Queue write increasingly delayed

almomo1 wrote on Wednesday, December 12, 2018:

Hi!
I have 2 tasks, one receiving data packets from an ASI PHY and the other reading those packets and clasifying them by ID in DDR3, and a 8-element-depth queue to communicate both tasks.
Task1 (priority 2) just programs a DMA and waits for the interrupt to occur; when the packet arrives, writes the pointer to the data into the queue (with portMAX_DELAY), and puts itself into blocked stated until Task2 sends a notify.
Task2 (priority 1) reads from the queue (with portMAX_DELAY), enters a switch/case to clasify it, send a notify to Task1 and then loop begins again.
The problem is that Task2 takes too much time to read from the queue. I checked that the pointer is written to the queue just after the interrupt ocurrs, but the pointer is read from the queue with some microseconds delay at first, then after a few miliseconds and finally, when the program has been run about 30 seconds, the delay from the pointer is written to the queue until it is read from the queue is about 40 miliseconds, which renders the system unsuable. When Task1 writes to queue, it gets blocked and Task1 is already blocked because it is waiting for the queue to be not empty, then idle task takes the processor, and 40 milisencods after that, Task2 is awaken to read from the queue.
Why doesn’t Task2 get to running state inmediately after Task1 has written to the queue? Why is this increasing delay from write to read?

Thanks!

rtel wrote on Wednesday, December 12, 2018:

Why doesn’t Task2 get to running state inmediately after Task1 has
written to the queue?

I would guess because the processor was doing something else - could it
be that it is continuously re-entering an ISR, or something like that?
As a first simple step you could wait until the problem manifests itself
then trigger a break point in the queue send function - stepping through
the code from there you should get to a point where a check is performed
to see if anything is blocked on the queue waiting for the data, and if
so, that task should be unblocked. What happens then depends on the
relative priorities, if the unblocked task has a higher priority than
the running task then a context switch should be performed before you
leave the queue send function. However in your case you indicate the
reading task has a lower priority, in which case the same task will keep
running, exit the queue send function, enter the function that blocks on
the event, and only then should the context switch occur. In any case,
you can check nothing else happens in between, and step through the
context switch too (vTaskSwitchContext() in tasks.c) to see which task
is selected to run next. An interesting measurement would be the time
between writing to the queue and vTaskSwitchContext() being called, as a
delay there would indicate the delay being in the sending task (between
writing to the queue and attempting to block).

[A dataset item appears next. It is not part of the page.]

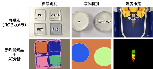 RGBカメラ撮影画像(上画像)と、ハロゲンランプを用いた短波赤外ハイパースペクトルカメラ試作機で撮影しAI分析を行った画像(下画像)の比較。(左図)樹脂判定、(中央図)液体判断、(右図)半田ごての温度分布。短波赤外ハイパースペクトルカメラの使用により、目視やRGBカメラでは判別が困難な透明な物質の識別や、温度の推定が可能になります
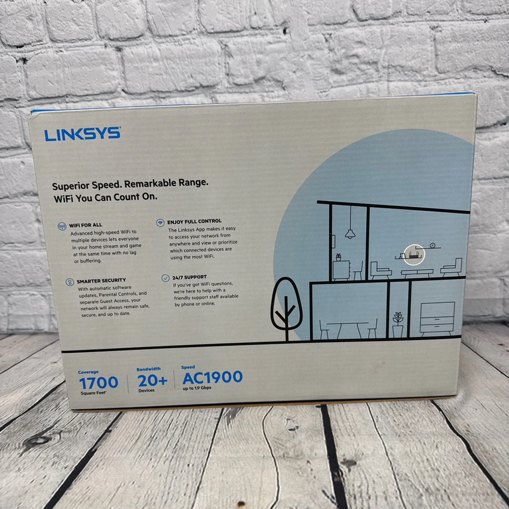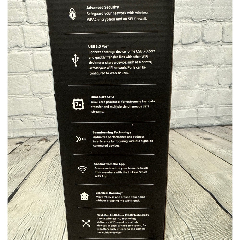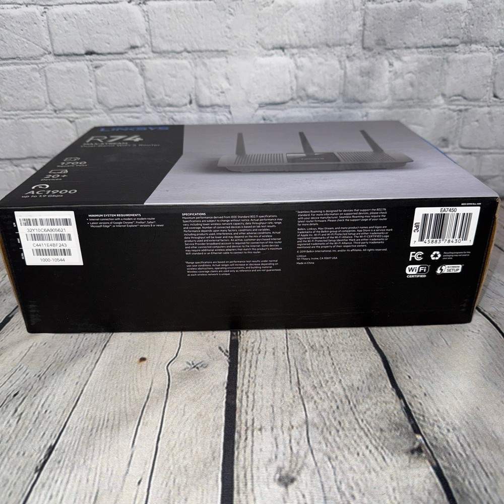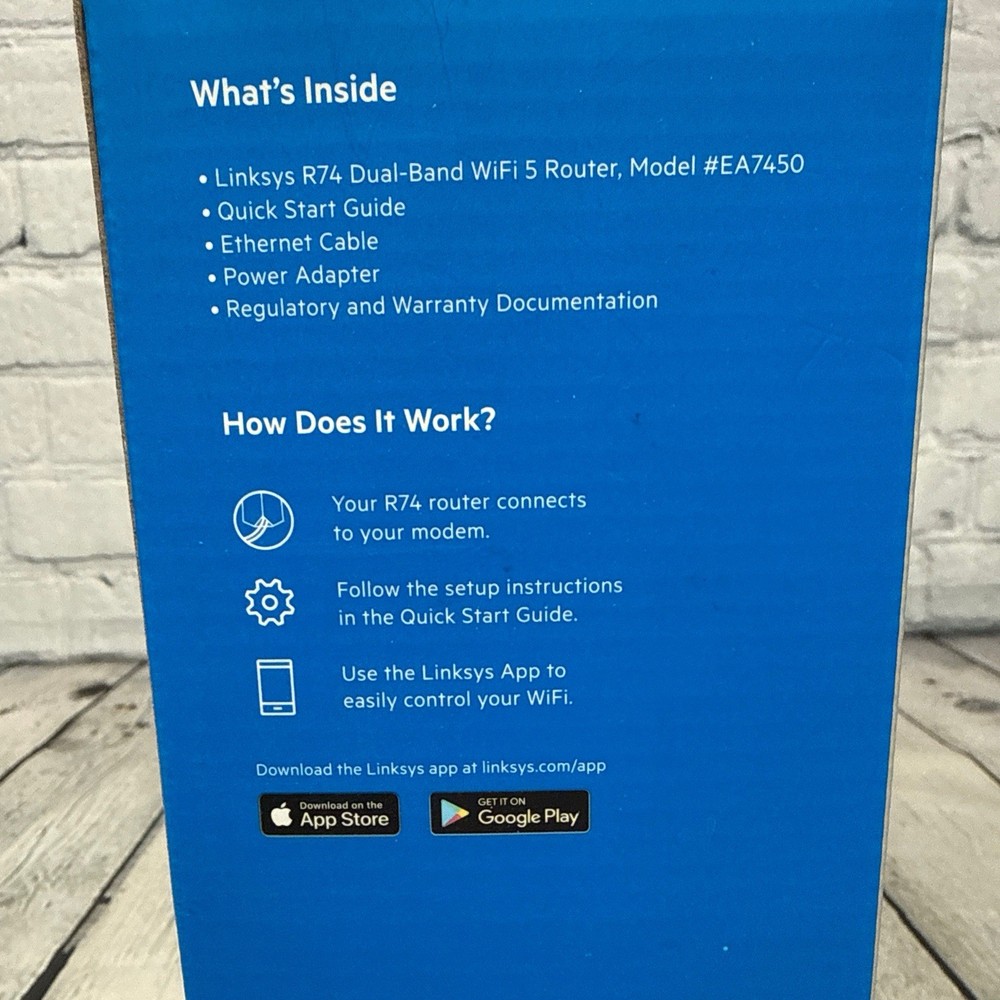 NEW! Linksys R74 Max-Stream Dual Band WiFi 5 router. Features: Web browser setup Set up using your laptop, computer, smartphone, or tablet. No CD required. Up to 1.9 Gbps data transfer speed Ensures fast, efficient operation. 3 high-performance antennas Enable enhanced performance. MU-MIMO technology MU-MIMO gives every compatible device its own dedicated full-speed Wi-Fi connection so that multiple devices can connect at the same time without slowing down the network. 1 USB 3.0 port Allows you to connect a printer and enjoy 3G and 4G file sharing. Parental control Lets you automatically block specific content on connected devices. Seamless roaming Move freely in and around your home without dropping the Wi-Fi signal. Gigabit Ethernet connectivity Offers a high-speed wired network connection. Linksys Smart Wi-Fi Access and control your home network from anywhere with the Linksys Smart Wi-Fi. App LED indicators Make it easy to monitor the status of your network. Advanced security Safeguard your network with wireless WPA2 encryption and an SPI firewall. Beamforming technology Optimizes performance and reduces interference by focusing a wireless signal to connected devices. PC system requirements Microsoft Windows 7, 8, or 10. New in box!

If this doesn’t highlight the issue then you could also try using the
FreeRTOS trace tool - http://www.freertos.org/trace

almomo1 wrote on Wednesday, December 19, 2018:

Hi!
After a deep analysis of code and scheduler behaviour, I fixed the problem by rising Task2 priority over Task1. I added a new Task3 to complete the design, and the above problem was worse, but it was solved too by increasing Task2 priority over Task1 and Task3.
I describe my conclusion in case I’m wrong, or in case I’m right and maybe it can be useful to anybody:

  1. Task1 is the highest priority task (over Task2 and Task3); when a SYNC packet arrives, Task1 writes the packet into a 8-element-depth queue and waits for Task2 to read all the packets in the queue; after that, Task1 waits for a notification from Task2. If no SYNC packet arrives, the packet is sent to DDR3 by a DMA and Task1 keeps receiving packets.
  2. Task2 is the lowest priority task (below Task3); it reads the queue, notifies Task1 (so Task1 starts again reading new packets), processes the SYNC packets in the queue and sends the coded data to Task3; then it blocks until queue is not empty.
  3. Task3 continuosly modulates data to a DAC, and it only blocks if DAC’s input FIFO is full.
  4. At the beginning, data throughput is high until DAC’s input FIFO throtles the data and then the bitrate becomes steady. That means Task3 is blocked more often at the beginning that during normal procesing (steady phase).
  5. Task2 reads from the queue ONLY if it is the most priority thread in ready state, but it isn’t (in fact, is the lowest priority task). So, when Task1 writes into queue, Task2 is already blocked waiting for the SYNC packet, but Task1 is the highest priority task, so it keeps reading packets until SYNC packet arrives. Meanwhile, Task3 is sending data to DAC and blocking itself very often.
  6. During point 5, the three tasks gets blocked eventually, and Task2 awakes to process SYNC packets (I guess it is scheduled because it was the older task in ready state). But when steady processing is reached, Task2 hasn’t got the chance to be scheduled, because Task3 is running most of the time. That’s why Task2 was delayed increasingly before reading from queue.
  7. If I change Task2 priority to become the most priority task in the system (above Task1 and Task3), then it is scheduled just after data is being written to the queue, because it is the most priority task in ready state.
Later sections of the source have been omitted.